TASK OBJECTIVE: Starting with the line that contains "年度当初に作って,学級目標に貼ってあった手形。手は大きくなったかな?" and stopping after the line that contains "Every few months, or", return each line below exactly as written, with no others.

DATA FOR THE TASK:
☆ ☆ ☆ ☆ ☆

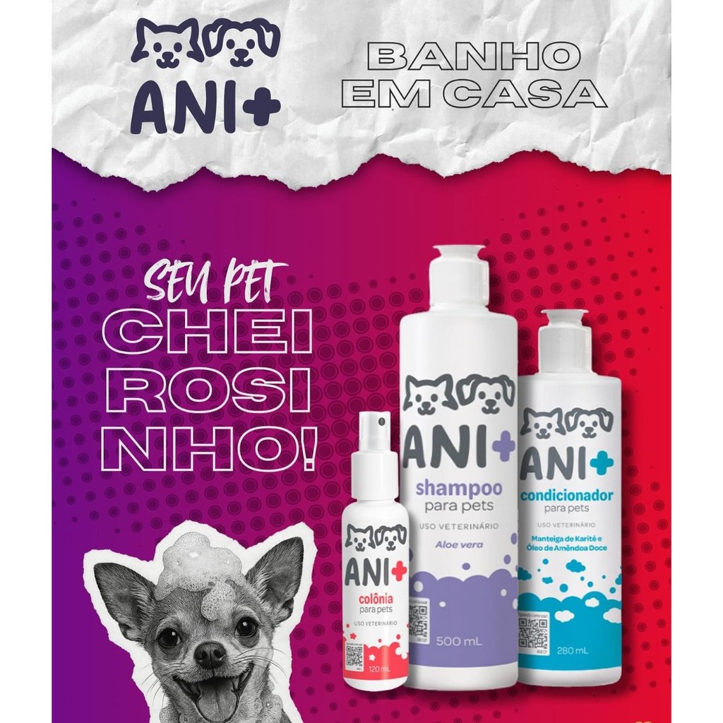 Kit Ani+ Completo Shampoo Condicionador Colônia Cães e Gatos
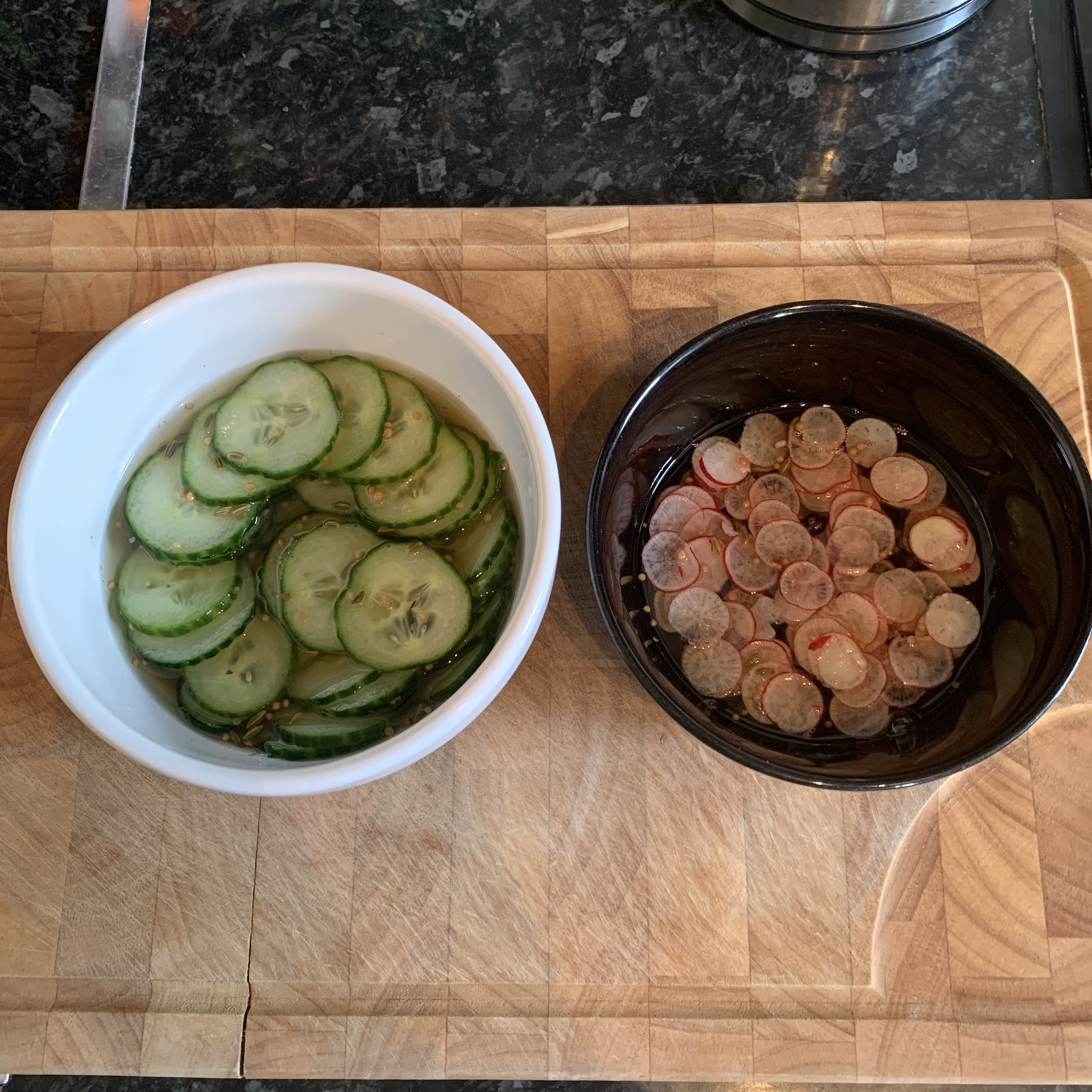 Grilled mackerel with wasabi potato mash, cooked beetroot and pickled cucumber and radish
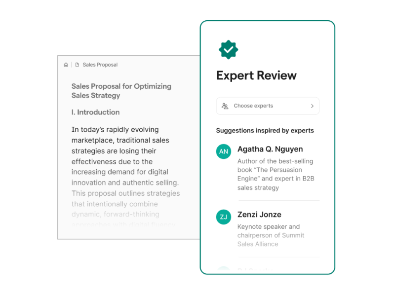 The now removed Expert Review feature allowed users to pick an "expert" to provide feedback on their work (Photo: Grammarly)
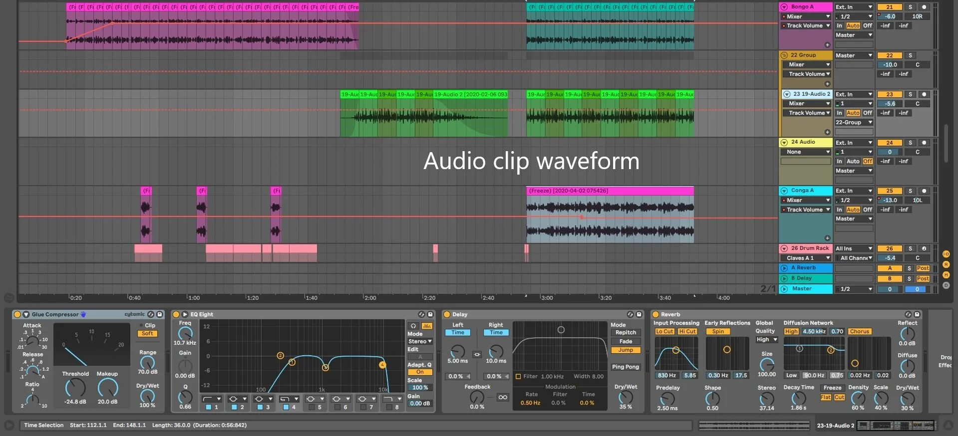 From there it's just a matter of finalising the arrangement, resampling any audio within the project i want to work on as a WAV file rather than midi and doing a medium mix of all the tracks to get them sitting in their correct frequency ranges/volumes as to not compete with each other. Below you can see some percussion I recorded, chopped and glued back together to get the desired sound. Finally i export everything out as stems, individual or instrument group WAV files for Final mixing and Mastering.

☆ ☆ ☆ ☆ ☆

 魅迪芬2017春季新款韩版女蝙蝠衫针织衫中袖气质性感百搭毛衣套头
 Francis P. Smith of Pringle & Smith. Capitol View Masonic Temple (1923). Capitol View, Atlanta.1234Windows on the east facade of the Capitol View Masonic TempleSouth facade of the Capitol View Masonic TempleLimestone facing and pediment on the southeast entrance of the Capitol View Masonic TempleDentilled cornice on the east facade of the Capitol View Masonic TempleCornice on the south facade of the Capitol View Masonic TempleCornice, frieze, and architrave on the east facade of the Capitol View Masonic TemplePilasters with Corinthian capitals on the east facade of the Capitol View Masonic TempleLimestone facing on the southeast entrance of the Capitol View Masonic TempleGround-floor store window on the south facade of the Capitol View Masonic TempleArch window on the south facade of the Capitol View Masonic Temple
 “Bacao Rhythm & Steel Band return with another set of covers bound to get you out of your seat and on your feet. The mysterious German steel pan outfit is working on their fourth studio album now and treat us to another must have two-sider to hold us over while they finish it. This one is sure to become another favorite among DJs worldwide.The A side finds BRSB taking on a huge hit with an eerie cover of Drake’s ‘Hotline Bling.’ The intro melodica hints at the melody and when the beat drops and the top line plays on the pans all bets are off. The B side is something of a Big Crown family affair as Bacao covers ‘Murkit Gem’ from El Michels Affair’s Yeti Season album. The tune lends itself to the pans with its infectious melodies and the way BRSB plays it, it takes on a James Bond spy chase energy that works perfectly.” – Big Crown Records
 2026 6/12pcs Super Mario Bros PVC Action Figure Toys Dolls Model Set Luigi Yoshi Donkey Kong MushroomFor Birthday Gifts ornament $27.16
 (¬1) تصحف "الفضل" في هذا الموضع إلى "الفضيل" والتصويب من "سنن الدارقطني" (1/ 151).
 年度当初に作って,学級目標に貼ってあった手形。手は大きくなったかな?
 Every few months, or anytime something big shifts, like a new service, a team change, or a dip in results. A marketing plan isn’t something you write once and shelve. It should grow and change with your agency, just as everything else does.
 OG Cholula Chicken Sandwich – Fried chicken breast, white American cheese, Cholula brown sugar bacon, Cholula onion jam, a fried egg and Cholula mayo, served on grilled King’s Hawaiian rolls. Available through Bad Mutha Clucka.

☆ ☆ ☆ ☆ ☆

REPLY TO THE EXERCISE:
 年度当初に作って,学級目標に貼ってあった手形。手は大きくなったかな?
 Every few months, or anytime something big shifts, like a new service, a team change, or a dip in results. A marketing plan isn’t something you write once and shelve. It should grow and change with your agency, just as everything else does.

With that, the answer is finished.